To ensure that DEF works properly, you want a closed, sealed system so you aren’t introducing contaminants into the fluid. For example, with Thunder Creek Equipment’s fuel trailers, you use a closed-loop coupler (which is the industry standard), hook this up to the source of DEF, and pull DEF from the source into the tank. Then you reverse the flow, put the nozzle on the end of the hose, and push the fluid into the end-use equipment.
Not all new engines incorporate DPFs, but enough do that you need to know the maintenance requirements. The good news is they are pretty low.
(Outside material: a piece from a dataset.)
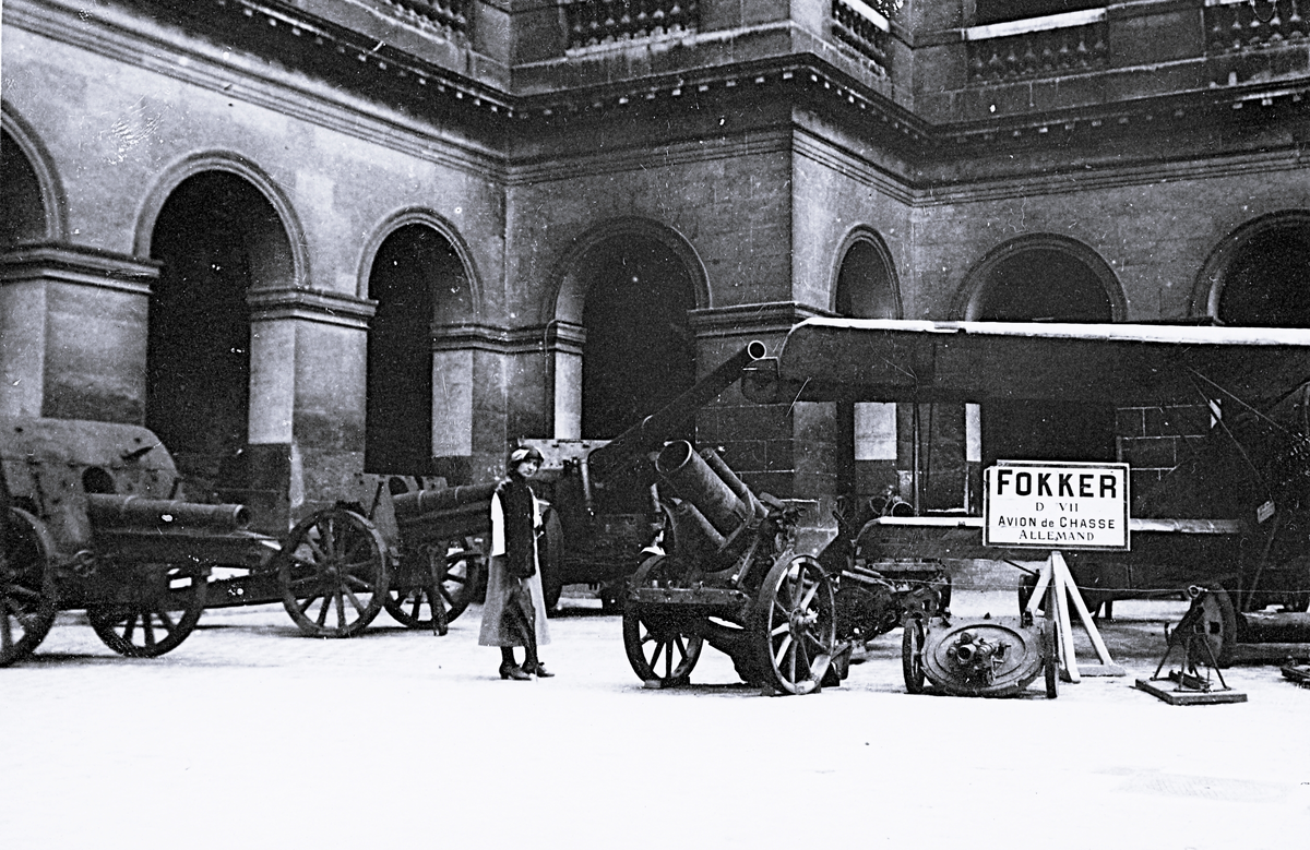 Titel: Foto av artilleripjäser och ett jaktflygplan - Fokker D.VII, från första världskriget, troligen på Musée de lÁrmée i Paris, 1921.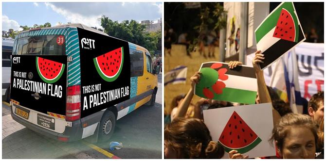 Lalu emoji atau gambar tembikai digunakan sebagai lambang bendera Palestin kerana apabila dipotong, isi buah tersebut kelihatan seperti warna bendera negara tersebut.

Over time, ash from engine lube oil accumulates in the DPF and must be removed by a dealer. For some machines, this will be on an hourly basis and for others it is based on the condition.
“The ash interval on John Deere machines is conditioned base,” says Michael Hauger, John Deere. When ash service is needed, a dash indicator or diagnostic code lets the operator know.
Cummins DPFs are designed to last as long as the engines, and the regeneration process keeps the DPF clean and working at peak performance. “The only maintenance required is ash cleaning at 4,500-hour intervals,” explains Browne.
Using low-ash lubrication oil will slow down the ash residue buildup and ensure you make it to the scheduled interval.